------ RECORD SET ------

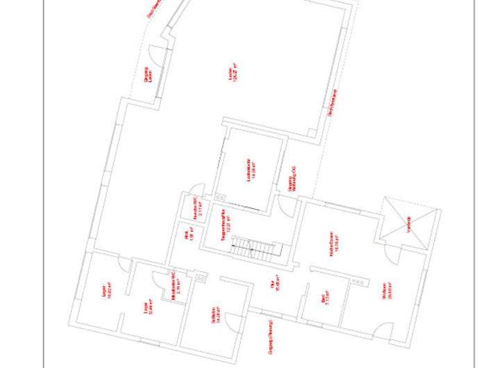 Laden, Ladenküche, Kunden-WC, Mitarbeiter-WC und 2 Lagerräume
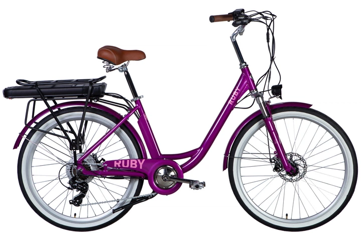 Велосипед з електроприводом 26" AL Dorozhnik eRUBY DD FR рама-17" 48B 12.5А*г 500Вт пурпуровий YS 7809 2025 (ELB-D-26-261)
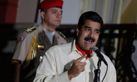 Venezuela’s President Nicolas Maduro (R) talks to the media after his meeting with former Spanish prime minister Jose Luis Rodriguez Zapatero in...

------
------ RECORD SET ------

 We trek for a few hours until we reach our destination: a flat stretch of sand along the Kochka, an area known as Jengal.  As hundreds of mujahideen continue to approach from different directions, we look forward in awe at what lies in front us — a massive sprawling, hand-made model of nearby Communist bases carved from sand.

------
------ RECORD SET ------

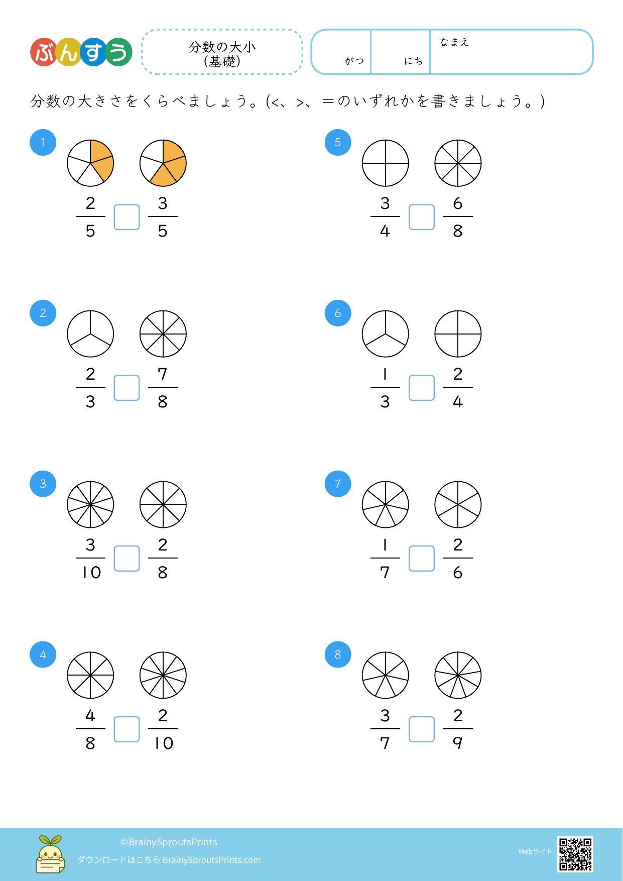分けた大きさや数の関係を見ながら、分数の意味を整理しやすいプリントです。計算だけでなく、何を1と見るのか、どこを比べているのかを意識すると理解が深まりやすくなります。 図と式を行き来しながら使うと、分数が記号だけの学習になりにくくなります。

------

■ **WORK TO BE COMPLETED**
Return, exactly as they stand, the lines above from the one with "Laden, Ladenküche, Kunden-WC, Mitarbeiter-WC" to the one with "Venezuela’s President Nicolas", omitting any pictures among them.

■ **ANSWER FOR THE TASK**
 Laden, Ladenküche, Kunden-WC, Mitarbeiter-WC und 2 Lagerräume
 Велосипед з електроприводом 26" AL Dorozhnik eRUBY DD FR рама-17" 48B 12.5А*г 500Вт пурпуровий YS 7809 2025 (ELB-D-26-261)
 Venezuela’s President Nicolas Maduro (R) talks to the media after his meeting with former Spanish prime minister Jose Luis Rodriguez Zapatero in...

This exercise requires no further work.